Review of "Towards a Unified Architecture for in-RDBMS Analytics"
As use of statistical analysis in enterprise applications increasing, database vendors started to implement new statistical techniques from scratch in the RDBMS, which leads to a lengthy and complex development process. This paper proposes Bismarck, a unified architecture that can implement various machine learning analytics in existing RDBMS systems.
This paper identifies a classical algorithm from the mathematical programming cannon, called incremental gradient descent (IGD), which is used to solve convex programming problems, has a data-access pattern that is essentially identical to the data access pattern of any SQL aggregation function, e.g., an SQL AVG. This paper leverages this observation and built a unified architecture which shows that one can implement IGD for different models using the user-defined aggregate features that are available inside every major RDBMS. Analytical tasks that can be implemented include Logistic Regression, Support Vector Machine Classifier, Recommendation (LMF), Labeling (CRF), Kalman Filters, Portfolio Optimization, etc.
This paper shows that this approach is 2–4x faster than existing in-database analytic tools for simple tasks and for some newly added tasks such as matrix factorization, order of magnitude faster.

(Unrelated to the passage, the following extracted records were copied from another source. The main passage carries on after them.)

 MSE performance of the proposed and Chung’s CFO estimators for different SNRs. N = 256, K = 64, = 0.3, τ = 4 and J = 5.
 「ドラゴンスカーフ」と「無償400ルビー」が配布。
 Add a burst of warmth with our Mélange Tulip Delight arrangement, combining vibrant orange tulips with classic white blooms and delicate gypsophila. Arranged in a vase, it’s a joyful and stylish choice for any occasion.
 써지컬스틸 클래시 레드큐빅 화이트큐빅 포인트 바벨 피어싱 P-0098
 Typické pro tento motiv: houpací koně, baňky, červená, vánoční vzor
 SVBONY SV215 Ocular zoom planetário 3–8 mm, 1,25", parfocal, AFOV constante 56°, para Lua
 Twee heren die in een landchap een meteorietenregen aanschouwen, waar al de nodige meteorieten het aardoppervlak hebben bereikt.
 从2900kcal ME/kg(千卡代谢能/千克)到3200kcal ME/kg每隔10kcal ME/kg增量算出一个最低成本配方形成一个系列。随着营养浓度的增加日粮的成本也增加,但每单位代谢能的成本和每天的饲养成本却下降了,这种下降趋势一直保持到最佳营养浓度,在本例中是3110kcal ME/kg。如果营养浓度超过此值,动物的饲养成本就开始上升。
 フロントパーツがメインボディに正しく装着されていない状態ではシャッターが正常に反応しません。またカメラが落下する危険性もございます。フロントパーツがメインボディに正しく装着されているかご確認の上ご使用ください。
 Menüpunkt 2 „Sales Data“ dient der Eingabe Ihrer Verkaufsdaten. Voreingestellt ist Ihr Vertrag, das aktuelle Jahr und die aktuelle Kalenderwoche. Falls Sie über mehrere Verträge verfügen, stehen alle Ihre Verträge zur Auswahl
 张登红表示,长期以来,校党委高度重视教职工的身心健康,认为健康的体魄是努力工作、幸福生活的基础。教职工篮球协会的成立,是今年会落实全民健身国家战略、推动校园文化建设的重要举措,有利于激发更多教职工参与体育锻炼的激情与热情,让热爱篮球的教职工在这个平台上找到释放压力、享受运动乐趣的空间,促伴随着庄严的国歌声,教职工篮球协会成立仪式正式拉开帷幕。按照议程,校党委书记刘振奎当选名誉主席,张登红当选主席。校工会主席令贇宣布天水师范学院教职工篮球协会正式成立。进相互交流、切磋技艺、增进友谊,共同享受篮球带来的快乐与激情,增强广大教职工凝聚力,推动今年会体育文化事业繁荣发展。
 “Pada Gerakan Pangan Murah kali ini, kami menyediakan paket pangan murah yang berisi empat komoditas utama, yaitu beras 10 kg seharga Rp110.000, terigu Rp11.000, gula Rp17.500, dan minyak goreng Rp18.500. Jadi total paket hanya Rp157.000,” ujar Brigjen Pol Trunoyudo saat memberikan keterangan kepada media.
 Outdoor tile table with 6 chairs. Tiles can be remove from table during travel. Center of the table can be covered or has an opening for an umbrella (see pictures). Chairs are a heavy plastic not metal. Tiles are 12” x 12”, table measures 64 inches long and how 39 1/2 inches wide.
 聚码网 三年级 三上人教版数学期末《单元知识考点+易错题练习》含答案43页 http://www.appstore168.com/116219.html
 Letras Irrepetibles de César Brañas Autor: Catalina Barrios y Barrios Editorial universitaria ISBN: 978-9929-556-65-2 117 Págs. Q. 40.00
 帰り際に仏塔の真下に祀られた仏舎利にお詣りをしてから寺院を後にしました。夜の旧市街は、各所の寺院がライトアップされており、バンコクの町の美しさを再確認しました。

Although the method proposed by this paper is both more efficient to implement than existing approaches (building analytics tools from scratch for RDBMS), and faster to solve the same problems. I have some doubt on how easy the programming interface will be of different machine learning models for end developers. Will analyst buy programming in SQL for these complex models, are these models flexible enough to cover different requirements on different kinds of data?